**RECORDED DATA:**
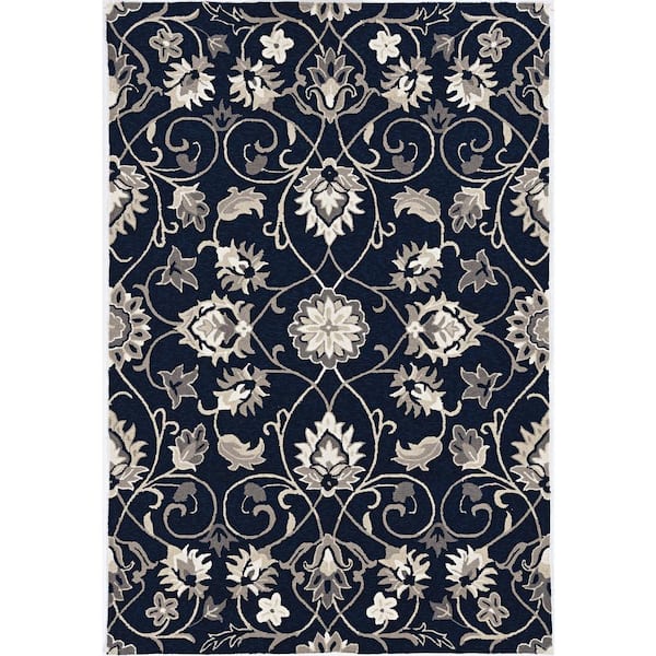 Mira Navy 5 ft. x 8 ft. Medallion Transitional Hand-Made Area Rug
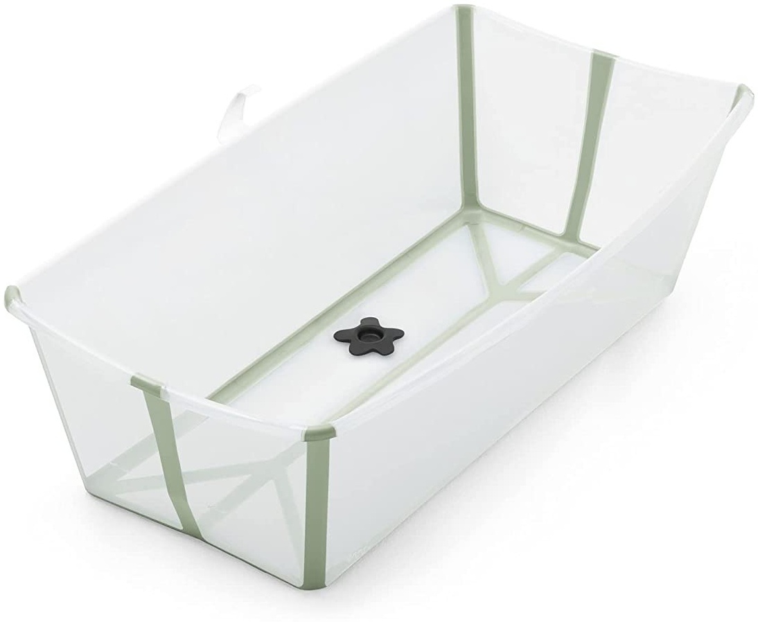 Stokke® Flexi Bath® XL Transparant Green: Das Stokke® Flexi Bath® XL ist für Kinder von 0 bis 6 Jahren geeignet. Bis dein Kind 8 Monate alt ist oder 8 kg wiegt, kann man den separat erhältlichen Newborn Support verwenden. Einzigartig an diesem Bad ist die Möglichkeit, das Bad mit einer einfachen Bewegung in ein nur 10 cm breites Paket zu falten. Diese platzsparende Badewanne eignet sich somit ideal für unterwegs oder falls du nur wenig Stauraum hast. Die Badewanne hat einen rutschfesten Boden und einen Stöpsel, so dass das Wasser einfach ablaufen kann. Das Flexi Bath® von Stokke® ist aus Polypropylen und thermoplastischen Elastomeren hergestellt. Die Badewanne hat ein Fassungsvermögen von 69 Litern. Eigenschaften: - Geeignet für Kinder von der Geburt bis zum Alter von 6 Jahren, - XL-Variante 25% größer und breiter als das gewöhnliche Flexi Bath, - Newborn Support für Babys (0-8 Monate) separat erhältlich, - Zusammenklappbar und platzsparend, - Rutschfester Boden und Stöpsel zum Ablaufen des Wassers, - Nur für Seife und Shampoo geeignet (nicht für Öl), - Praktisch für zuhause und unterwegs.
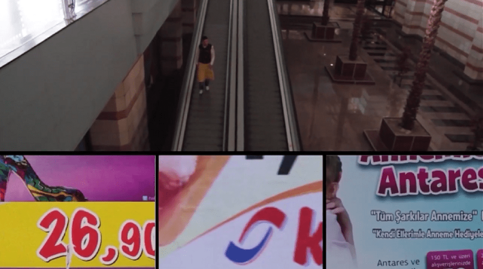 Yukarıdaki ekran görüntüsünde görüldüğü gibi, kameranın AVM’ye girdiği yerlerin bir kısmında ekran dört parçaya bölünerek Simmel’in “parçalanmış metropoller” fikri imaja aktarılmaya çalışılıyor.
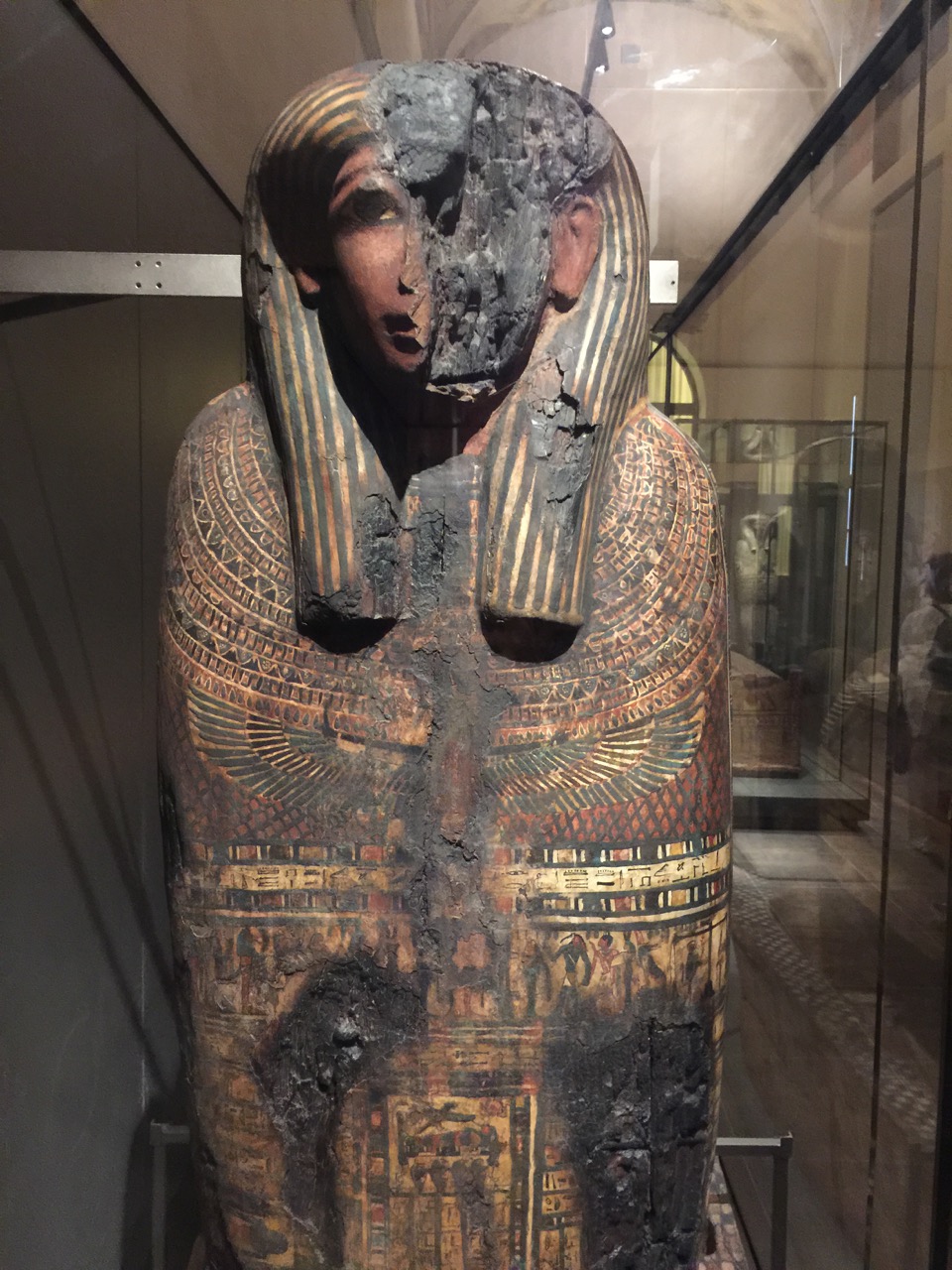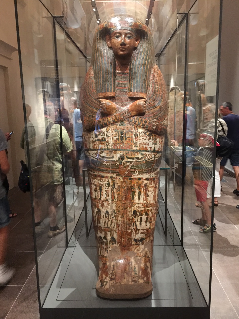 After examining some first editions of Champollion’s books on Egypt, watching a technician restore a sarcophagus, and peer into the eye sockets of a predynastic mummy, I sat back on a bench to watch the people. I saw several visitors go from each case in the exhibit and photograph every single thing in it. They weren’t students. They weren’t researchers. They were just people who were truly never going to look at those pictures of blurry ostraca ever again in their lives.

**WORK REQUEST:** All of the lines above should be retyped precisely, apart from the pictures.

**ANSWER SECTION:**
 Mira Navy 5 ft. x 8 ft. Medallion Transitional Hand-Made Area Rug
 Stokke® Flexi Bath® XL Transparant Green: Das Stokke® Flexi Bath® XL ist für Kinder von 0 bis 6 Jahren geeignet. Bis dein Kind 8 Monate alt ist oder 8 kg wiegt, kann man den separat erhältlichen Newborn Support verwenden. Einzigartig an diesem Bad ist die Möglichkeit, das Bad mit einer einfachen Bewegung in ein nur 10 cm breites Paket zu falten. Diese platzsparende Badewanne eignet sich somit ideal für unterwegs oder falls du nur wenig Stauraum hast. Die Badewanne hat einen rutschfesten Boden und einen Stöpsel, so dass das Wasser einfach ablaufen kann. Das Flexi Bath® von Stokke® ist aus Polypropylen und thermoplastischen Elastomeren hergestellt. Die Badewanne hat ein Fassungsvermögen von 69 Litern. Eigenschaften: - Geeignet für Kinder von der Geburt bis zum Alter von 6 Jahren, - XL-Variante 25% größer und breiter als das gewöhnliche Flexi Bath, - Newborn Support für Babys (0-8 Monate) separat erhältlich, - Zusammenklappbar und platzsparend, - Rutschfester Boden und Stöpsel zum Ablaufen des Wassers, - Nur für Seife und Shampoo geeignet (nicht für Öl), - Praktisch für zuhause und unterwegs.
 Yukarıdaki ekran görüntüsünde görüldüğü gibi, kameranın AVM’ye girdiği yerlerin bir kısmında ekran dört parçaya bölünerek Simmel’in “parçalanmış metropoller” fikri imaja aktarılmaya çalışılıyor.
 After examining some first editions of Champollion’s books on Egypt, watching a technician restore a sarcophagus, and peer into the eye sockets of a predynastic mummy, I sat back on a bench to watch the people. I saw several visitors go from each case in the exhibit and photograph every single thing in it. They weren’t students. They weren’t researchers. They were just people who were truly never going to look at those pictures of blurry ostraca ever again in their lives.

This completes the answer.